■ What the exercise asks ■
All that is wanted is the exact text of the lines below from the one with "without any discomfort" through the one with "寿司を作る際にまな板にこぼさ", inclusive, minus any pictures.

▬▬▬

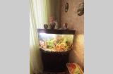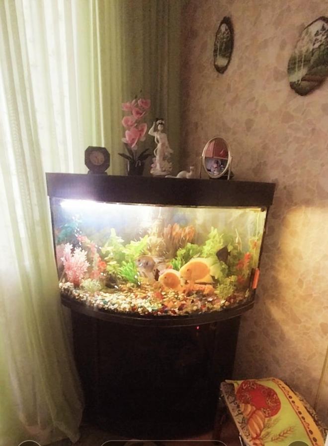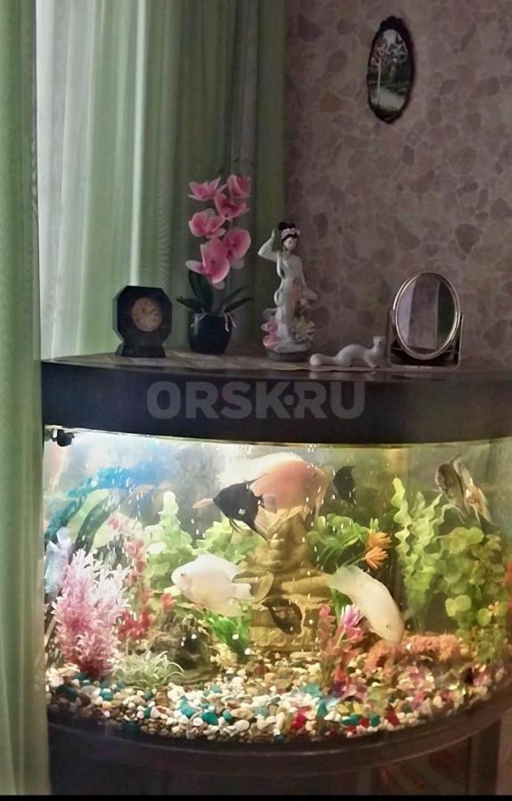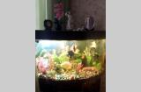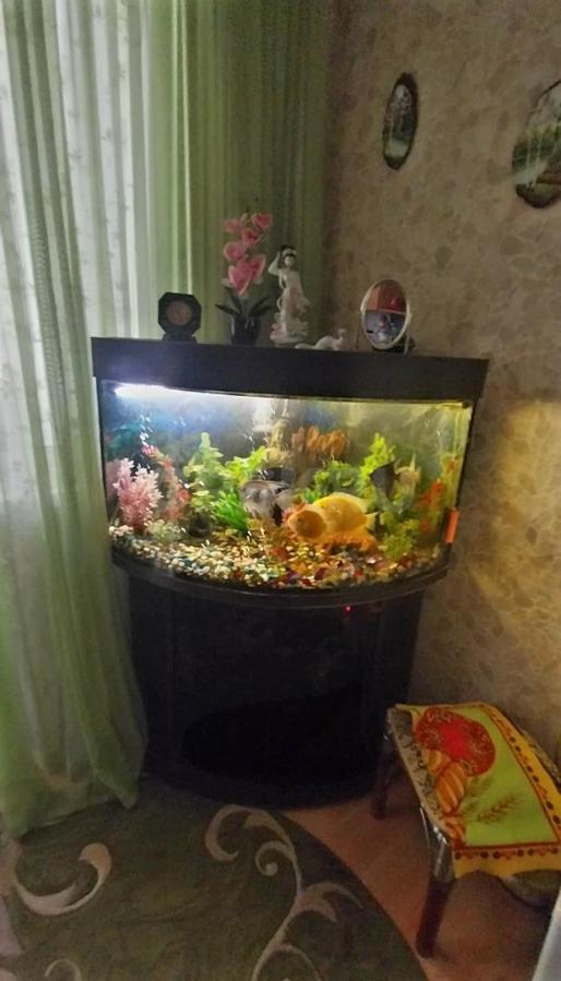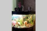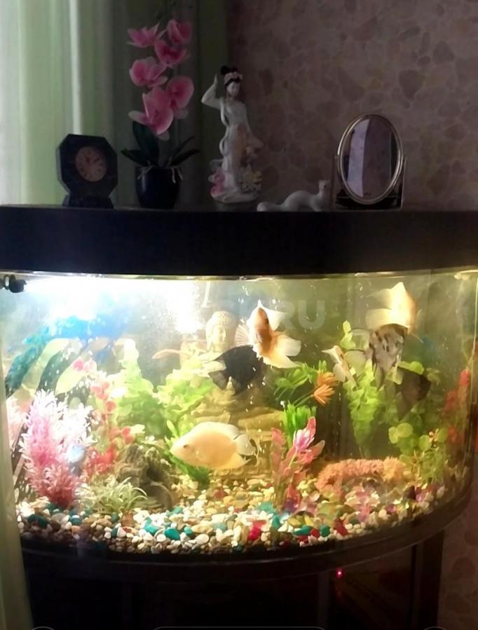 Угловой аквариум с тумбочкой, крупными рыбками- Северум, Скалярии, Боции- 11 штук, погружными лампами, фильтром для очистки воды, компрессором воздуха и др.
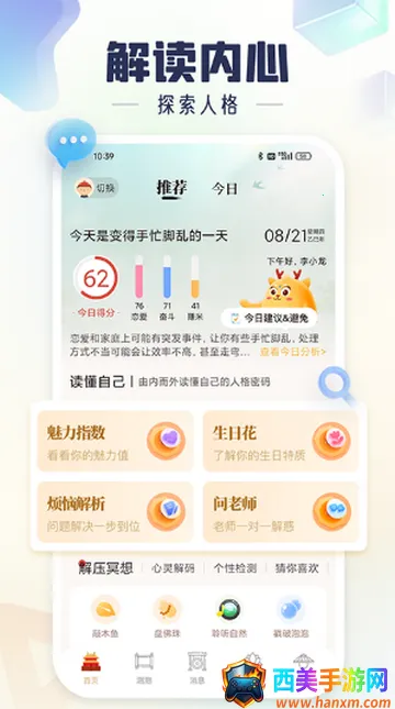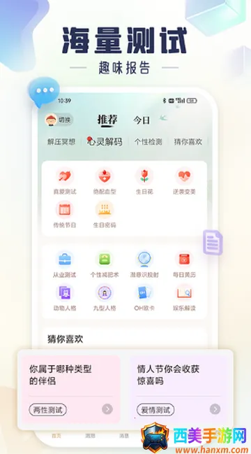2. 功能丰富:涵盖八字算命、星座测算、流年运程分析、解梦分析等众多功能,还有情感问答、海量测试、安心倾诉等特色内容,满足多样需求。
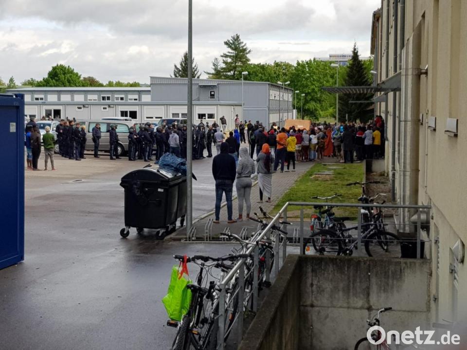 Eine Vielzahl von Polizisten aus dem Raum Regensburg standen etwa 40-50 Bewohnern der Einrichtung gegenüber. Aus taktischen Gründen wurde in enger Zusammenarbeit mit der Leitung der Unterkunft beschlossen, dass sich die aufgebrachten Bewohner beim Verbringen der Toten aus dem Haus beteiligen können. Sie trugen gegen 11.40 Uhr den Sarg unter Aufsicht der Polizei zu dem bereit stehenden Fahrzeug eines Bestattungsunternehmens.
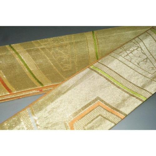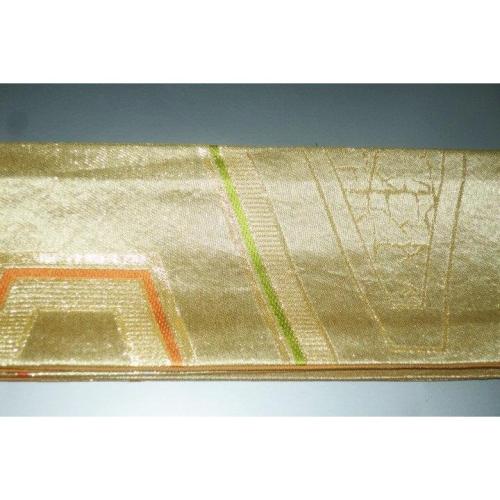 こちらのお品は、本絹西陣織の角帯です。お仕立ては片側六通で、織は沈金色地箔引き重ね亀甲です。色味が難しいため現物優先でお願いします。
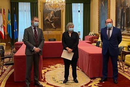 En el acto de la firma participaron la alcaldesa de Gijón, Ana González Rodríguez, el director provincial de la Tesorería General de la seguridad Social en Asturias, Vicente Paredes, y el director territorial de Ibermutua asturiana, Valentín Sanz.
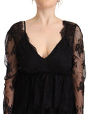 Aniye By Black Floral Lace Cotton Long Sleeves V-neck Shift Dress
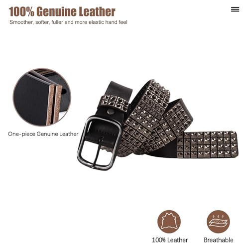 • 【Better Quality】Crafted with thickened genuine leather, our studded belt ensures durability, making it a long-lasting and reliable choice for both men and women. Designed with comfort in mind, this punk belt offers a smooth and soft feel, allowing you to wear it all day without any discomfort
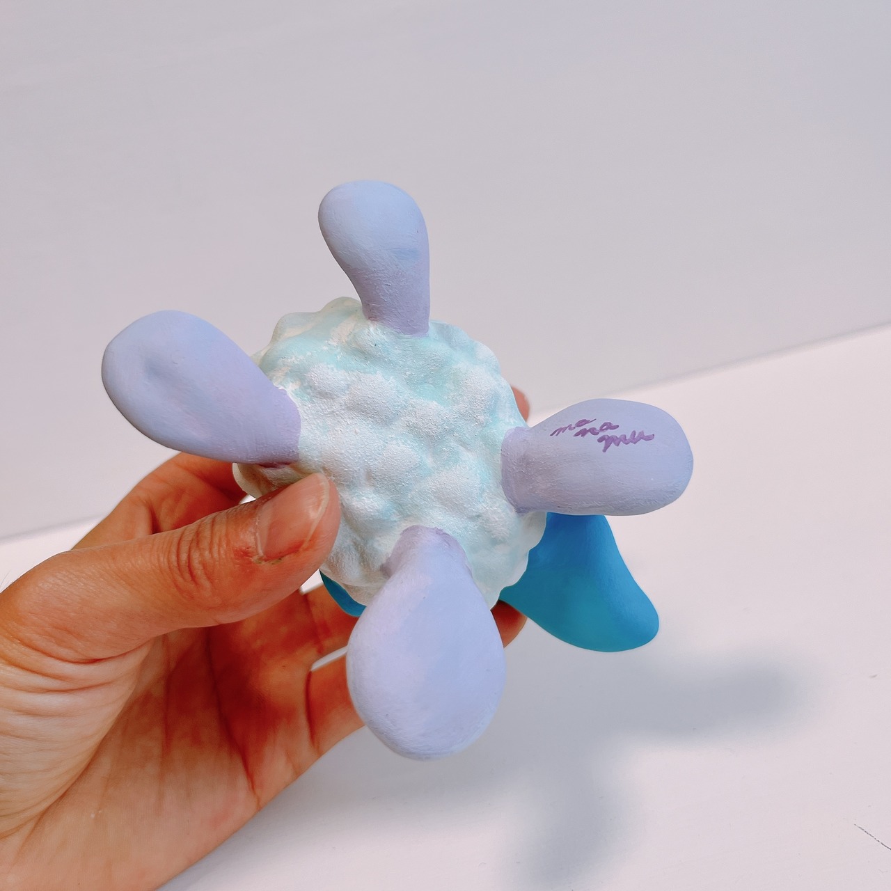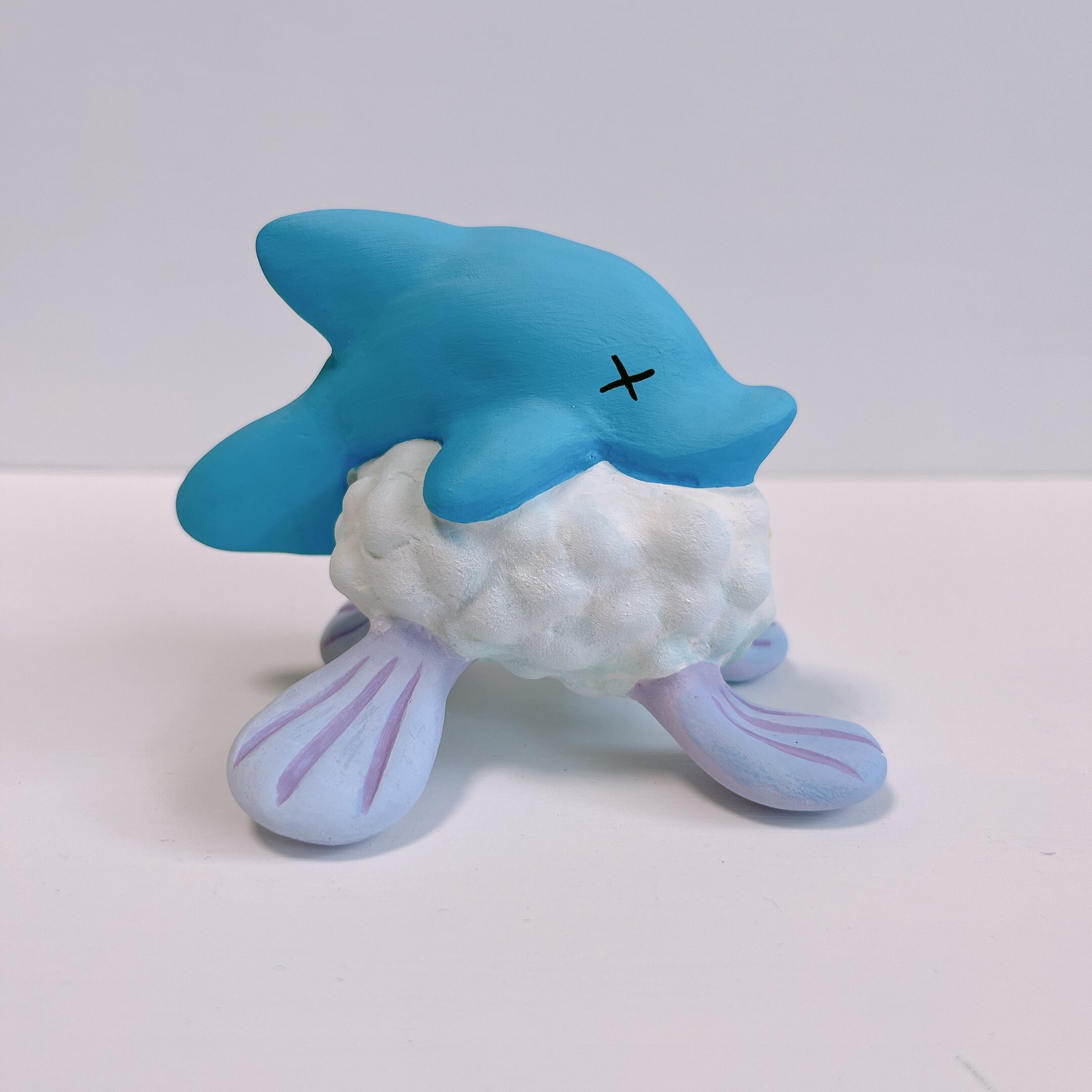 寿司を作る際にまな板にこぼされてしまった酢飯のつぶがあつまってうまれたモンスター、捨てられた魚の尾ひれが手足となっている。自分も立派なお寿司になりたくて近くに落ちていた板前さんの捨てたイルカのおもちゃを頭にのせている。
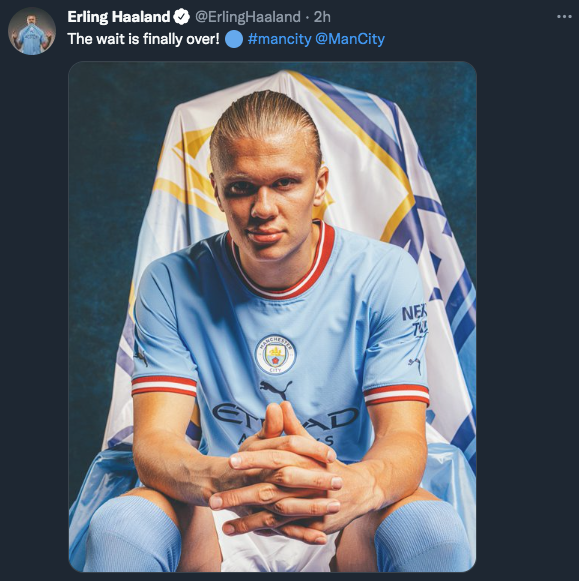 Mediante un video de Haaland vistiendo los colores del City de pequeño (su padre jugó 38 partidos en el club y por eso el vínculo) y luego una imagen actual firmando el contrato, el equipo inglés presentó con bombos y platillos a su figura, por la cual le pagaron poco más de 70 millones de dólaresal Dortmund. El noruego es uno de los fichajes bomba del mercado y se sumará a un plantel repleto de figuras como Kevin De Bruyne, Bernardo Silva, Phil Phoden,Gabriel Jesus (podría abandonar el club si aparece una oferta), Riyad Mahrez, JackGrealish, Raheem Sterling y la Araña. Pavada de compañeros va a tener el delantero de River…
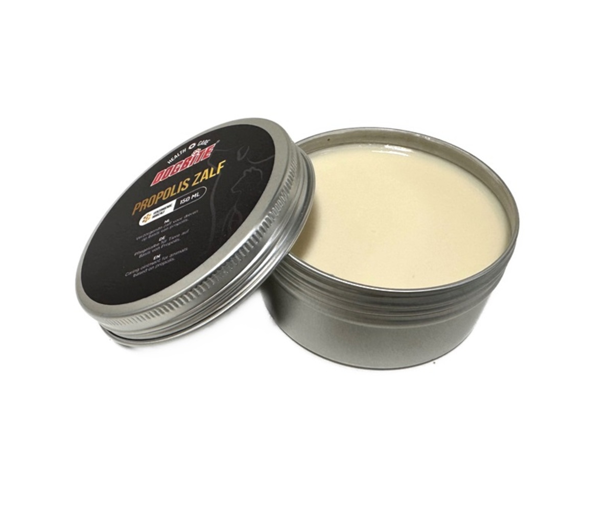 Zalf op basis van propolis. Propolis (bijenlijm) is een natuurlijk product dat door bijen geproduceerd wordt als een afdichtingsmateriaal om kieren en openingen te dichten en de structuur van het bijennest te verstevigen. Het is een complex product, waarin meer dan 300 verschillende biologisch actieve stoffen zijn gevonden. Al deze stoffen werken samen en hebben desinfecterende eigenschappen, houden ziekteverwekkers buiten en zorgen op die manier voor goede hygiënische omstandigheden in het bijennest.
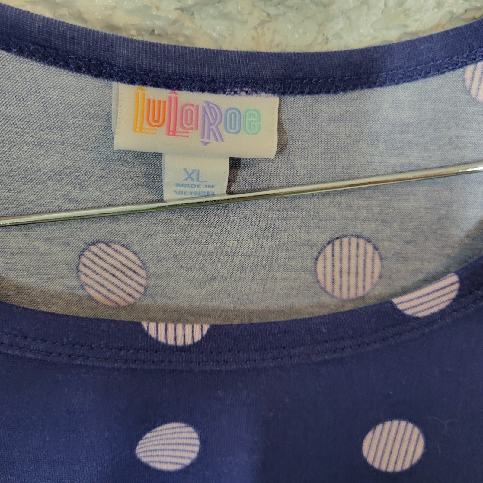 The product is a LuLaRoe women's dress in size XL, featuring a blue polka dot pattern, short sleeves, and a high-low hemline. Made from a polyester blend material, this casual pullover dress is machine washable and has a round neckline. With a T-shirt dress style and stretchy fabric, it is perfect for occasions like travel and everyday wear, suitable for all seasons. Designed by LuLaRoe, this dress is a versatile addition to any woman's wardrobe, offering both comfort and style.

▬▬▬

■ Written response ■
 • 【Better Quality】Crafted with thickened genuine leather, our studded belt ensures durability, making it a long-lasting and reliable choice for both men and women. Designed with comfort in mind, this punk belt offers a smooth and soft feel, allowing you to wear it all day without any discomfort
 寿司を作る際にまな板にこぼされてしまった酢飯のつぶがあつまってうまれたモンスター、捨てられた魚の尾ひれが手足となっている。自分も立派なお寿司になりたくて近くに落ちていた板前さんの捨てたイルカのおもちゃを頭にのせている。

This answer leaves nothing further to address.